For statistical analysis, Mann-Whitney U-tests were carried out using SPSS software (version 16.0). A P-value < 0.05 was considered statistically significant.
The authors declare that they have no competing interests.
VB designed the study, performed all the experiments, analysed the data and prepared a first draft of the manuscript. VO derived the TOV1946 TetR cell line and revised the manuscript. JL performed viral transductions and reviewed the manuscript. PNT, DMP and AMMM supervised and coordinated the study and revised the manuscript. All authors read and approved the final manuscript.
Effect of Ran depletion on proliferation. Growth curves for TOV112D TetR (a) and TOV1946 TetR (b) parental cell lines, mixed populations and clones expressing shRNA Ran or LacZ. Cells were induced with tetracycline three days prior to day 0. Cells were trypsinized and counted every 24 h for five days. Values represent the mean ± SD of duplicate wells from three independent experiments. Mann-Whitney test indicates no significant difference relative to the non-induced parental cell line with p-value < 0.05.
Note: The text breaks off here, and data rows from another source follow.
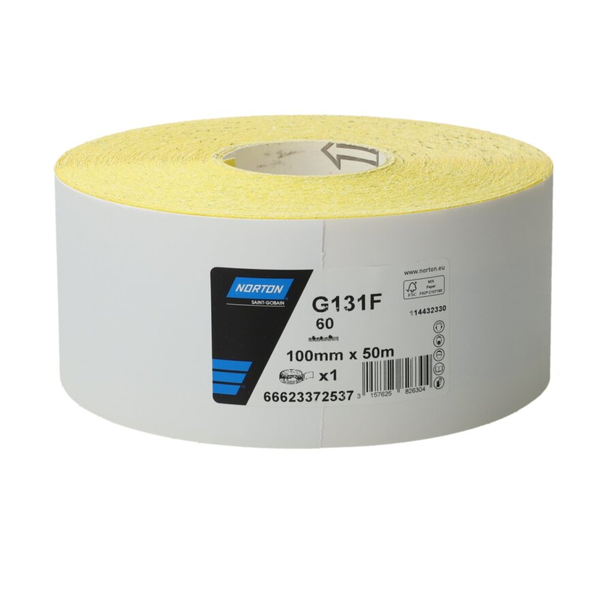 2 x Norton Schleifrolle Schleifpapier 100mm x 50m G131F 60 - Hochwertiges Schleifmittel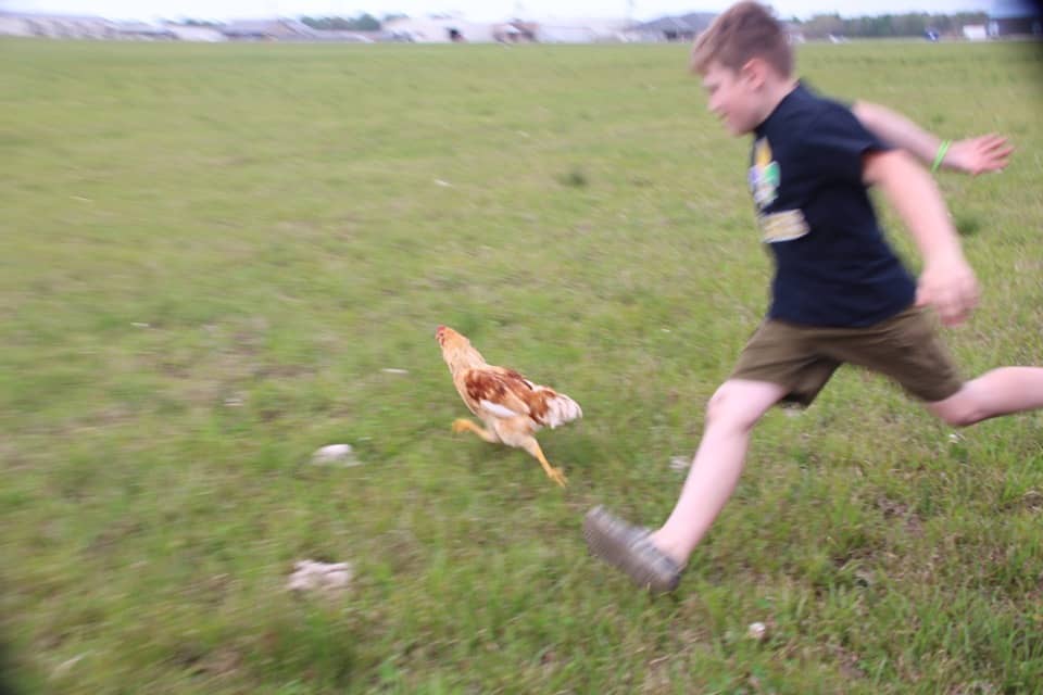 The kids go wild and start to chase the chicken until someone catches it.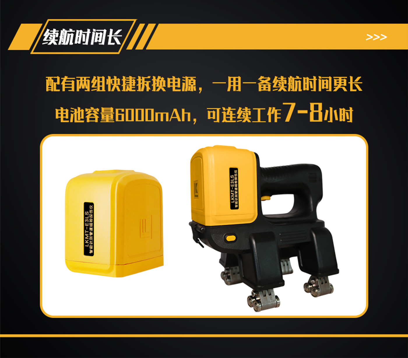 1、LKMT-E3LS一體式旋轉(zhuǎn)磁場(chǎng)管道磁粉探傷儀,探頭與鋰電池一體式設(shè)計(jì),無需使用線鏈接;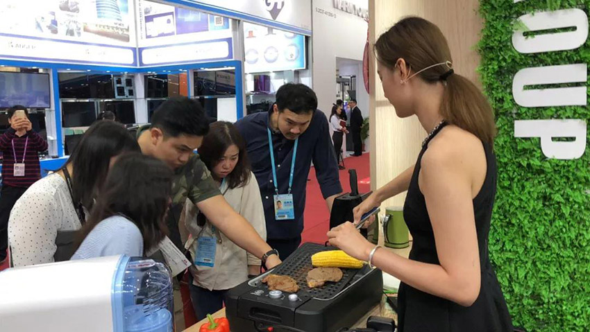 本次參展,電器公司重點(diǎn)推出燒烤類、磨刀類、奶泡機(jī)類和嬰兒用品類小家電產(chǎn)品。其中,燒烤類的無煙電烤盤一經(jīng)推出,就收到了大量客戶的詢價。客戶們對它產(chǎn)生了濃厚的興趣。這個電烤盤采用的是堆疊式設(shè)計(jì),使安裝更簡易,清洗更方便。它通過內(nèi)置的風(fēng)扇及濾網(wǎng)能最大程度地消除燒烤時產(chǎn)生的油煙,適用于廚房、客廳、辦公室,甚至臥室等各種室內(nèi)環(huán)境,讓人們隨時隨地享受燒烤的樂趣,同時又能避免滿屋油煙的困擾。
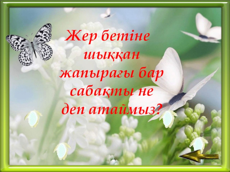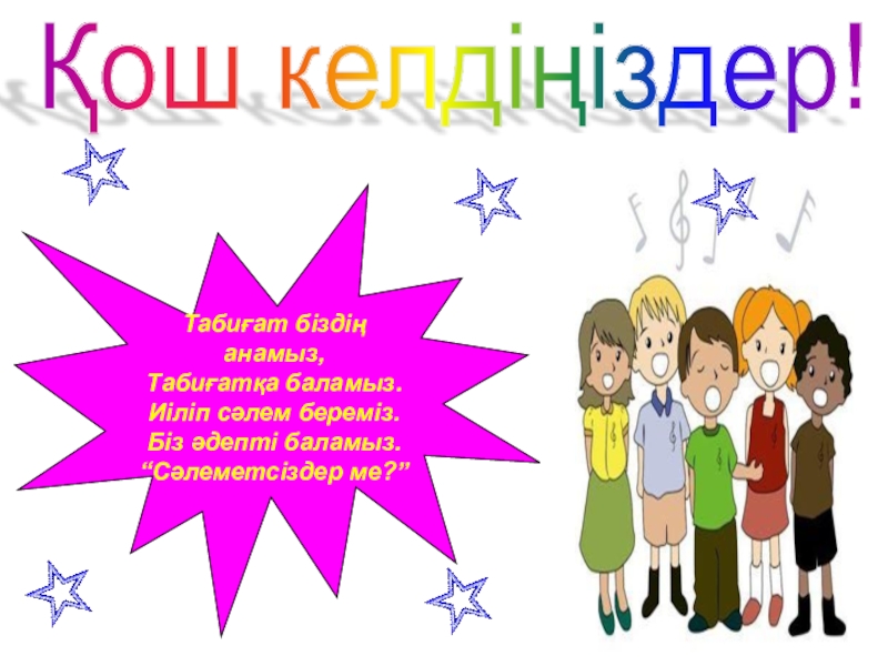 Табиғат біздің анамыз,Табиғатқа баламыз.Иіліп сәлем береміз.Біз әдепті баламыз.“Сәлеметсіздер ме?”Қош келдіңіздер!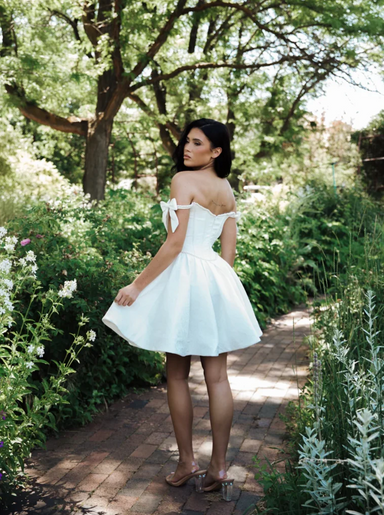 Elevate your style with Soleil James Lisa, a luxurious satin mini dress that can be worn off the shoulder or strapless. The sweetheart neckline and...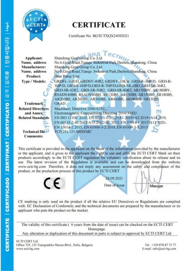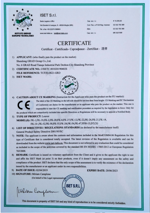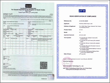 格瑞德集团具有独立的货物进出口资质,可自主报关和报检。具有对外承包工程资质证书,并顺利获得了中央空调末端及复合材料产品的AHRI、CE、SASO、ROHS等资质认证。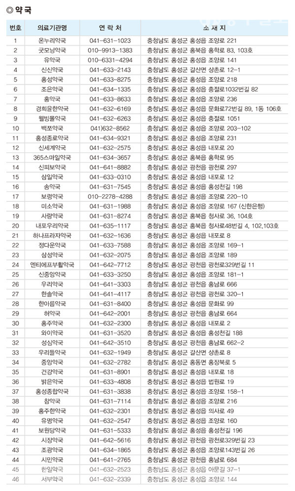 약국도 정부가 지정한 공적판매처 중 하나다. 홍성군 소재 약국은 46곳이다. 홍성읍 조양로에 한 약국의 약사는 “내일(29일) 첫 물량이 공급될 예정이며, 약국마다 마스크 100장 씩 배분받게 됐다”고 밝혔다.

Tumor growth of mice injected with TOV112D TetR shRNA LacZ. TOV112D TetR mixed population and clone expressing shRNA LacZ were subcutaneously injected in SCID mice and tumor growth was measured biweekly. All mice developed tumors albeit of varying size and tumor volume. Doxycycline-supplemented food inducing shRNA expression started at day 9. M.P.: Mixed population, #1: clone. Values represent the mean ± SE of groups of 4 mice. Mann-Whitney test indicates no significant difference relative to the group of mice that did not received doxycycline, with a p-value < 0.05.
Immunohistochemistry analysis of the xenografts in control tumors. Analysis of the xenografts on day 6 of the doxycycline-supplemented food showing morphological hematoxylin eosin (HE) staining and Ran, cleaved caspase-3, and Ki67 expression.
We are grateful to Lise Portelance, Manon de Ladurantaye, Kim Leclerc-Desaulniers and Jason Madore for technical assistance. We thank Jason Madore for thoughtful comments. This work was supported by a grant from the Canadian Institutes of Health Research (CIHR) to A.-M.M.-M., P.N.T. and D.M.P. V.B., J.L. and V.O. were supported by Canderel fund of the Institut du cancer de Montréal and V.O. was supported by a studentship from the CIHR.